Failure. I failed. I set an ambitious goal, and I failed to meet it. I was physically incapable of achieving what I set out to do. And I'm ok with that. I tried.
We lasted three day trips and one overnight camping and made it about one mile over the NC border. An old waterman in Rodanthe, NC warned me about the strong and steady southwest winds prevalent in July when I went to pick up my new SUP. It wasn't that I didn't believe him -- of course I did. Guess it was just one of those things I needed to experience for myself. And I thought maybe the winds would back off overnight, so I could just paddle early in the day, even before dawn if I needed to.
It took us nearly three hours to go barely three miles on Monday afternoon from Pungo Ferry Landing Park to Sandy Point Campground on Knott's Island. And it was not easy paddling. I paddled pretty much as hard as I could without being able to take a break for an hour and 45 minutes during a two mile stretch that didn't have any protection from those punishing southwest winds. I started standing up, but quickly lowered to my knees when I realized how much sail area my body was creating. Then when my knees got sore, I sat down. Every time I switched position, I lost a little ground, ended up beam to the one-to-two-foot chop, and then had to struggle work my nose back into the wind.

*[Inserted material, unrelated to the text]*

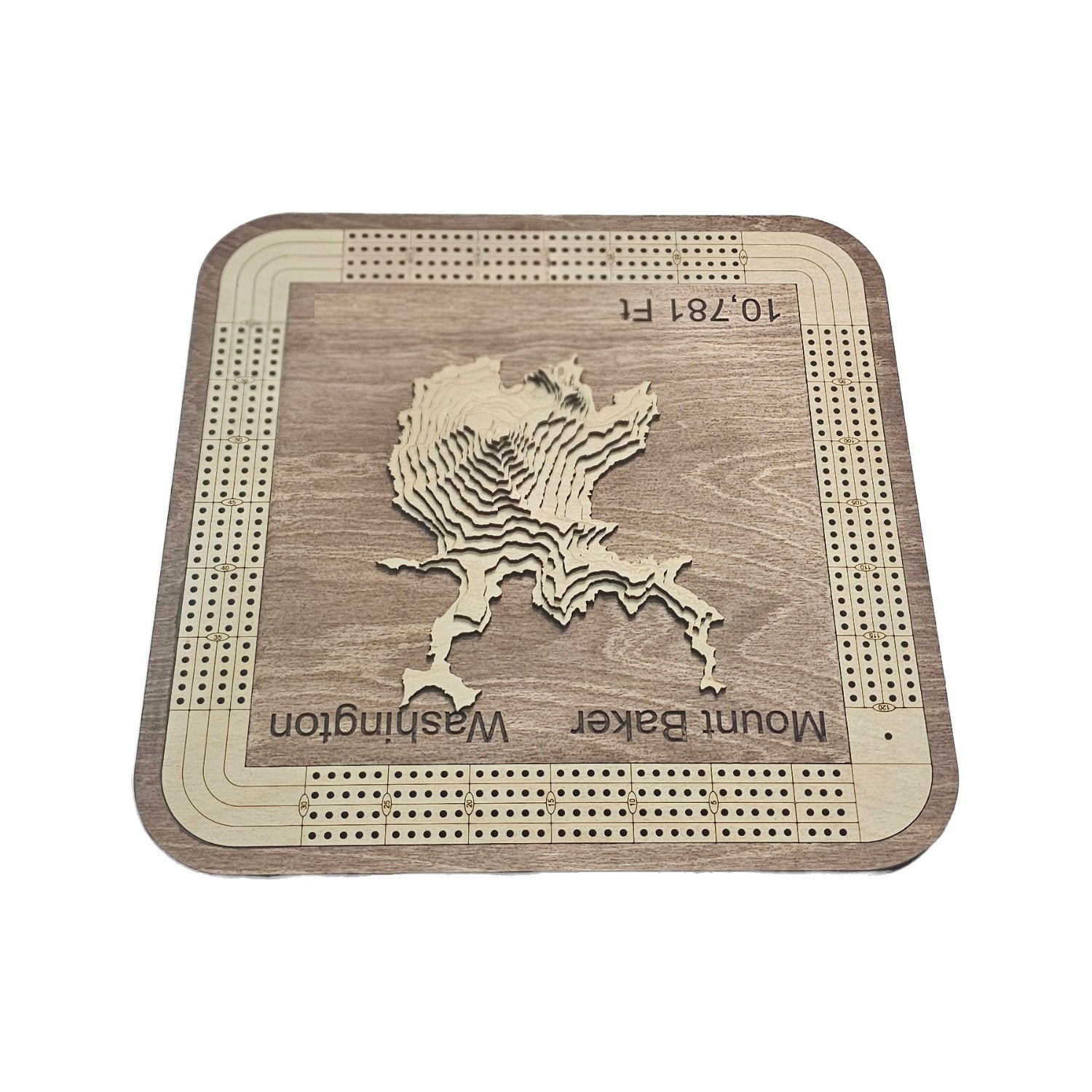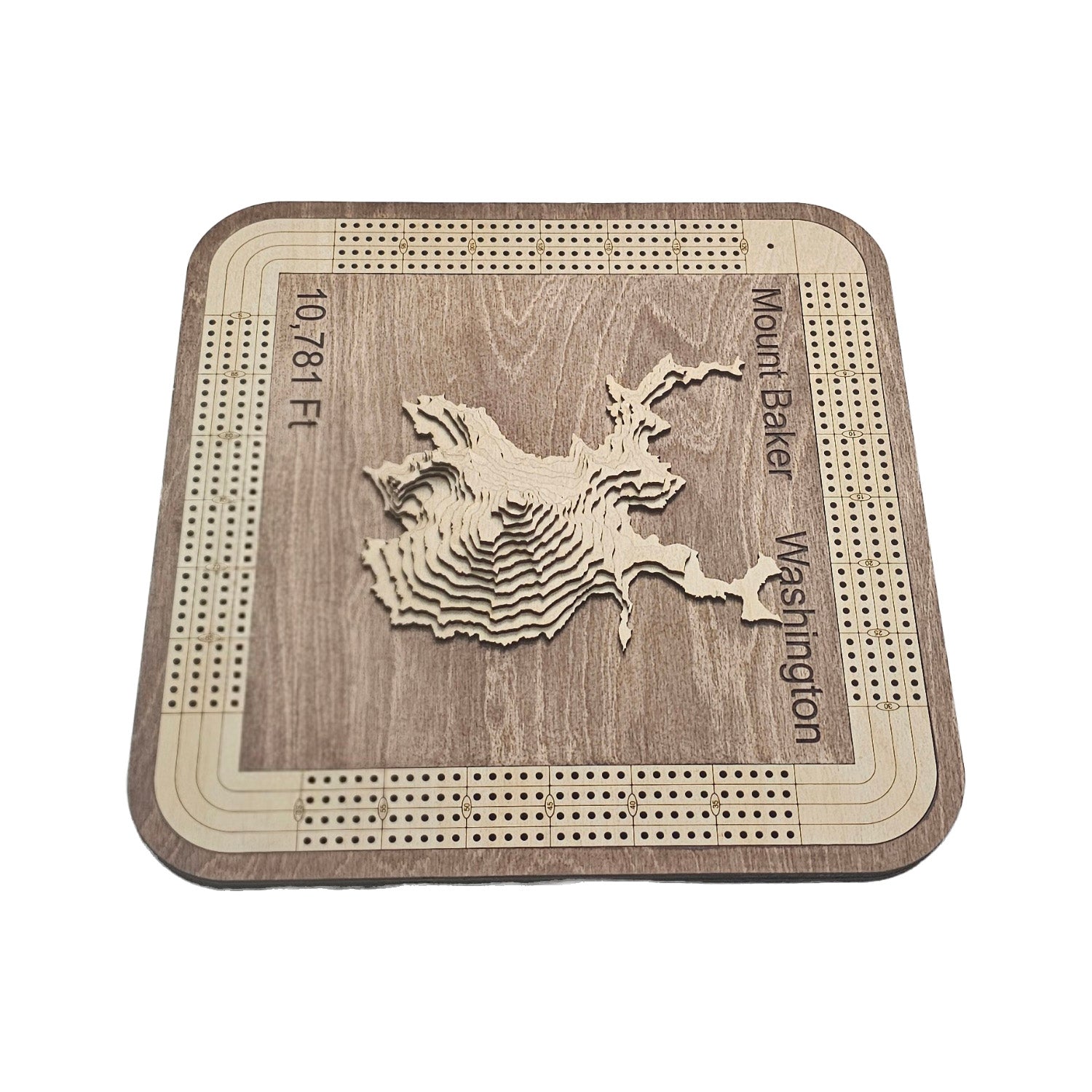 Introducing our captivating 4 Lane Laser Cut Cribbage Board featuring the breathtaking Topography of Mount Baker in Washington state, a harmonious blend of art, nature, and friendly competition. Crafted with precision and creativity, this unique cribbage board showcases the majestic beauty of Mount Baker while providing an engaging and enjoyable gaming experience for up to four players.

My shoulders ached and burned. My knees screamed at me. My ankles protested. My thighs cramped up. I think maybe my hair didn't hurt, but it was the only part of me that didn't.
We made it to the pretty little campground, at which point our attitude about the winds changed. The breeze kept the bugs away. But they also stayed fairly steady at about 10 knots all night long. Didn't do much to help the Sound to settle down for another long day of paddling on Tuesday. When I got up in the morning to the heavy chop, I simply couldn't face the prospect of another day of contesting those winds. We called Greg's parents, who very kindly came to pick us up and take us back to Virginia Beach so we could adjust our plans so they didn't include 10 to 12 miles on a SUP each day.
My Very Best Friend said, "Not a failure! Just a change of plan." I very much appreciate her positivity and support. And I'm still gonna call it what it is...failure.
Calling it a failure doesn't mean it's a judgment on my self-worth or my moral character. It is an honest assessment of my physical capabilities and mental fortitude, which -- sure, doesn't feel great to know neither is as strong as I was hoping when I planned the trip. Now I know.
I would rather plan and try and fail a thousand times (ok, that might get to be a drag...how about 10 times) than never dream and never plan and never try just because I'm afraid to fail. It's a Winston Churchill's man in the arena approach. It also goes along with my ability to be ok, if not comfortable with being uncomfortable. Growth happens when I take myself out of my comfort zone, and there is the goodness, the sweetness of life in that growth.
So I'm taking from this failure a re-affirmation of my self-commitment to trying hard things, to dreaming big, to continually pushing myself into discomfort so that I can fully appreciate this one single life I have to live.
And, it's not like the adventure is over. This change of plans allows me to join up with my Aunt and Uncle on a 30-foot sail boat on a trip from Massachusetts to as far as we get south in the three weeks I'll be with them. Gonna learn me something about blow-boats!
3 comments:
Thank you, FMR, for correcting my “man in the arena” attribution from Winston Churchill to Teddy Roosevelt.
I felt your pain and progress with every word! What a great adventure despite the shift in plans.
It's good to know when it is just too much. The garden is huge and growing and needs planting and cultivating and harvesting all at the same time and I often think how I'm glad I don't have to worry about actually being hungry in the winter when I decide, "that's enough for today, that's all I can do today."